[Task details]
Copy every entry exactly as it stands, though any image it holds should stay out of the copy.

[Available data]
----------

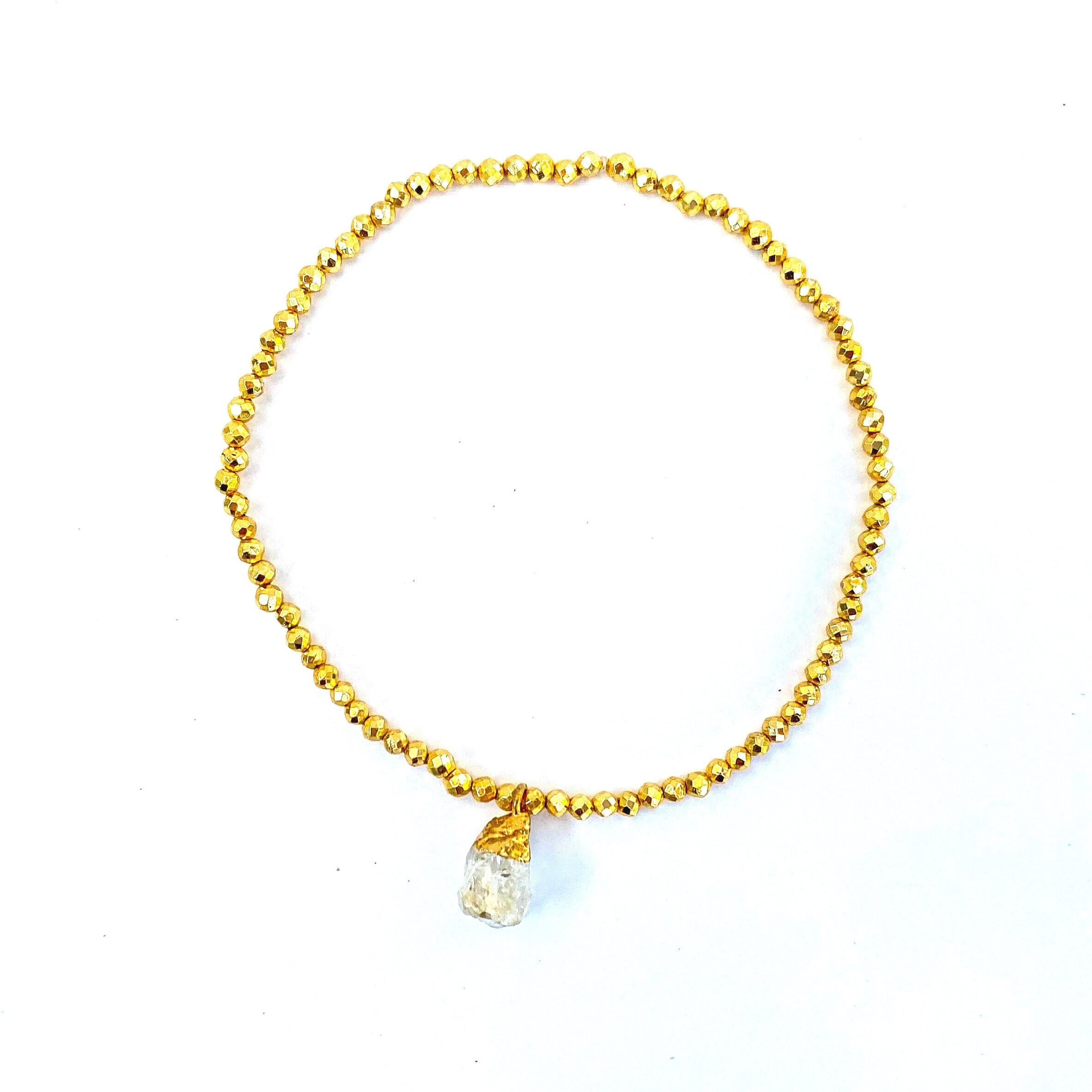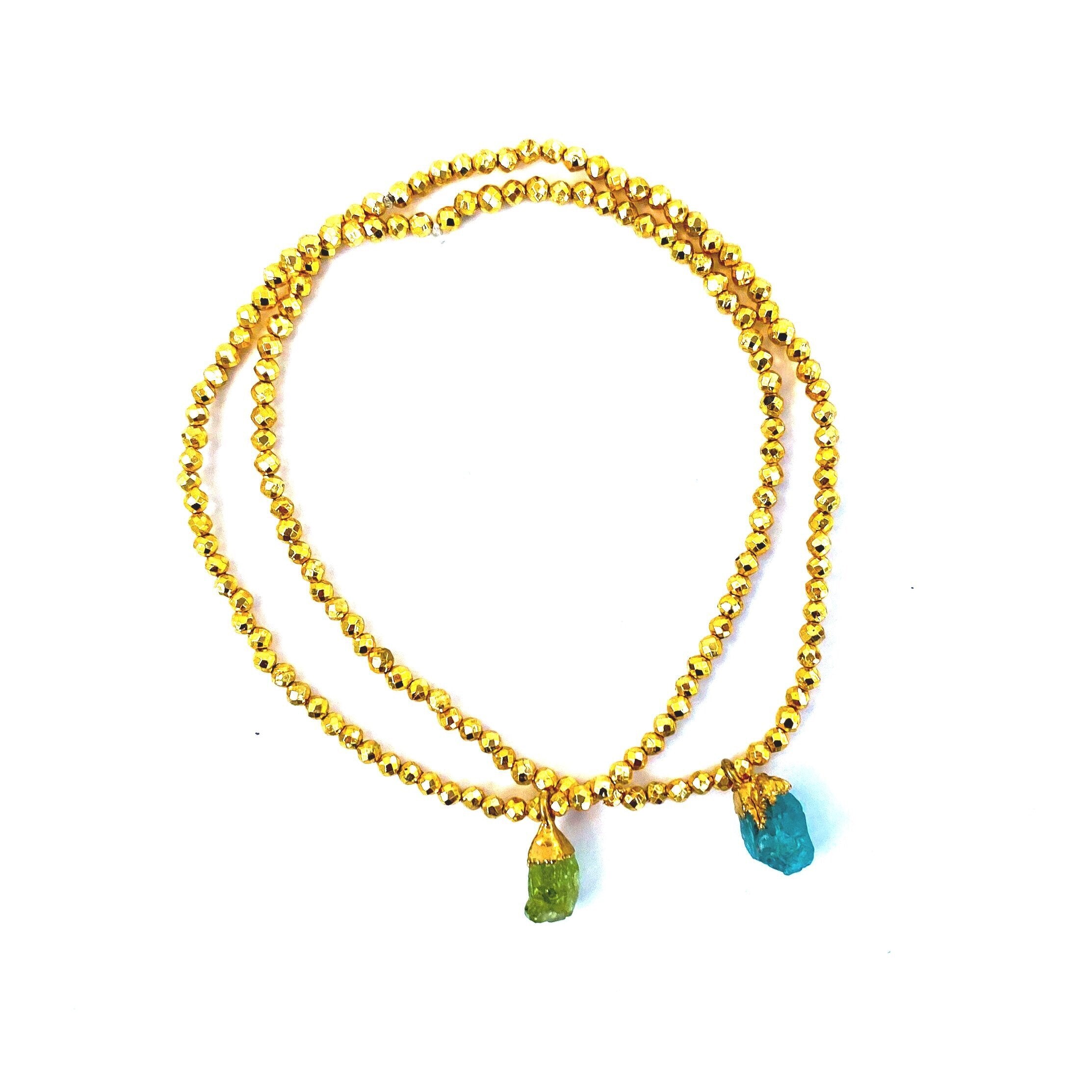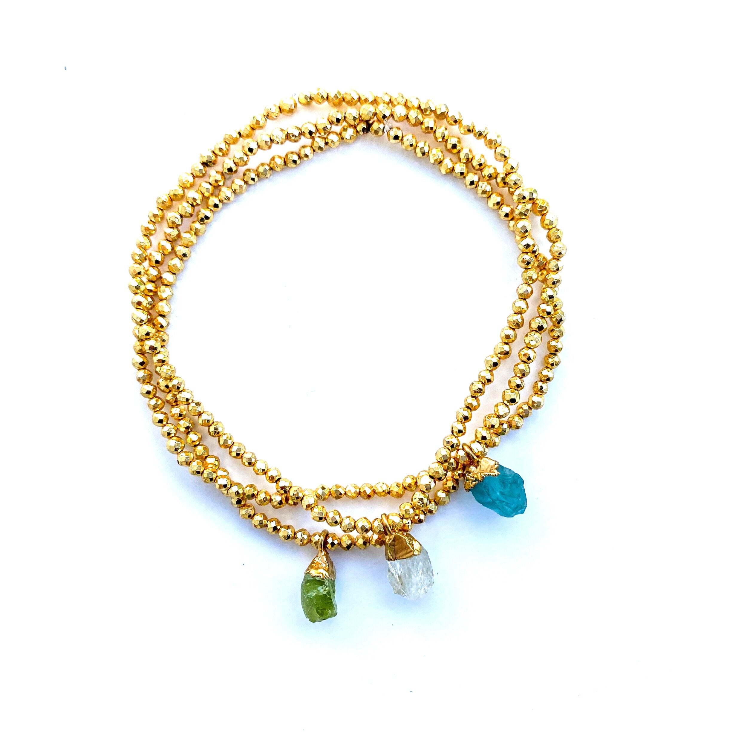 Soak up the serene beauty of island life with these sunny golden bracelets adorned with jewels of deep sea and white sand. Each brings powerful healing along with a centering + harmonious vibe. Choose between Peridot, Apatite and Moonstone … or layer them all for the full + free “take me away” feeling.
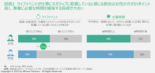 ●調査に回答した女性起業家の半数程度が結婚、出産育児、介護などのライフイベントが仕事にネガティブに影響すると感じている(図表2)
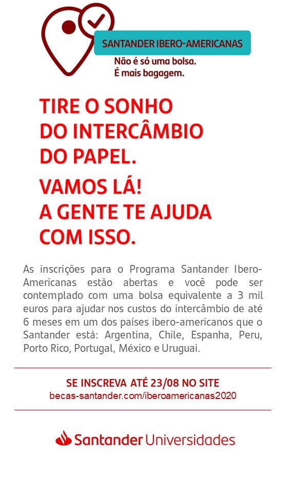 A Assessoria de Intercâmbio Institucional da Universidade Federal de Alagoas divulga que estão abertas as inscrições para o programa Santander Universidades Bolsas Ibero-Americanas para estudantes de graduação. Os alunos interessados podem se inscrever até o dia 23 de agosto para bolsas ibero-americanas e até o dia 17 de maio para bolsas Santander Colders, não vinculadas exclusivamente a faculdade.
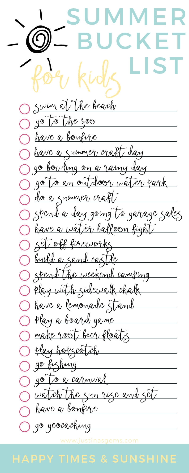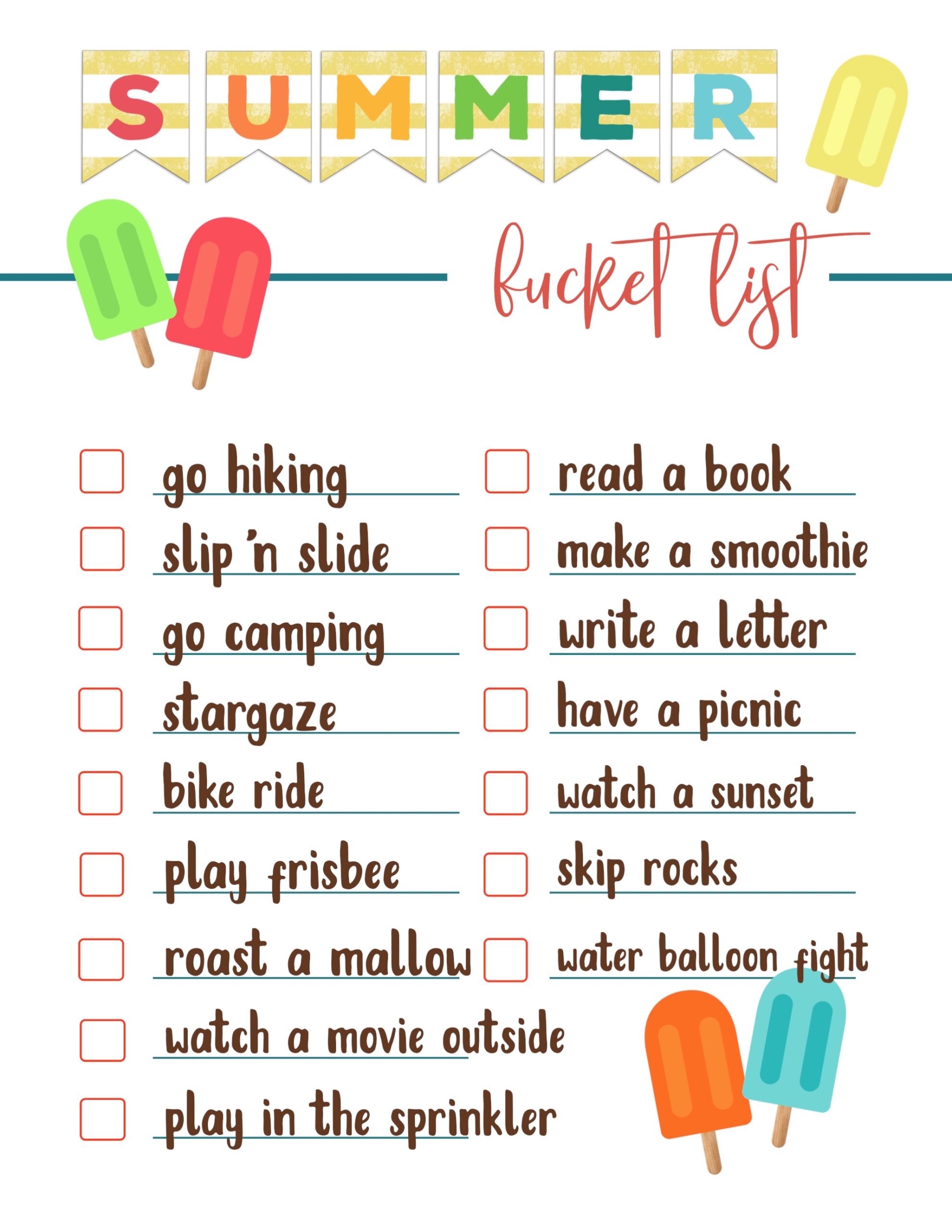 Free Printable Summer Bucket List Ideas Template Paper Trail Design
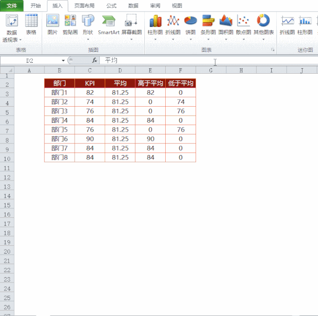 把高于平均值和低于平均值的数据分别提取到两列中,不符合条件的用0替代。这里可以用公式实现。
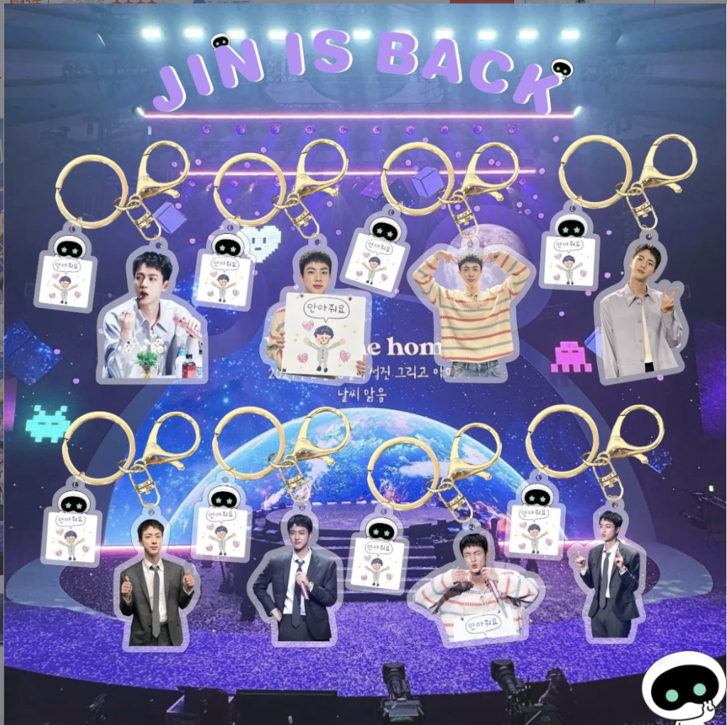Price for 8pcs/set bts jin is back keychain

----------

[Exercise answer]
 Soak up the serene beauty of island life with these sunny golden bracelets adorned with jewels of deep sea and white sand. Each brings powerful healing along with a centering + harmonious vibe. Choose between Peridot, Apatite and Moonstone … or layer them all for the full + free “take me away” feeling.
 ●調査に回答した女性起業家の半数程度が結婚、出産育児、介護などのライフイベントが仕事にネガティブに影響すると感じている(図表2)
 A Assessoria de Intercâmbio Institucional da Universidade Federal de Alagoas divulga que estão abertas as inscrições para o programa Santander Universidades Bolsas Ibero-Americanas para estudantes de graduação. Os alunos interessados podem se inscrever até o dia 23 de agosto para bolsas ibero-americanas e até o dia 17 de maio para bolsas Santander Colders, não vinculadas exclusivamente a faculdade.
 Free Printable Summer Bucket List Ideas Template Paper Trail Design
 把高于平均值和低于平均值的数据分别提取到两列中,不符合条件的用0替代。这里可以用公式实现。
Price for 8pcs/set bts jin is back keychain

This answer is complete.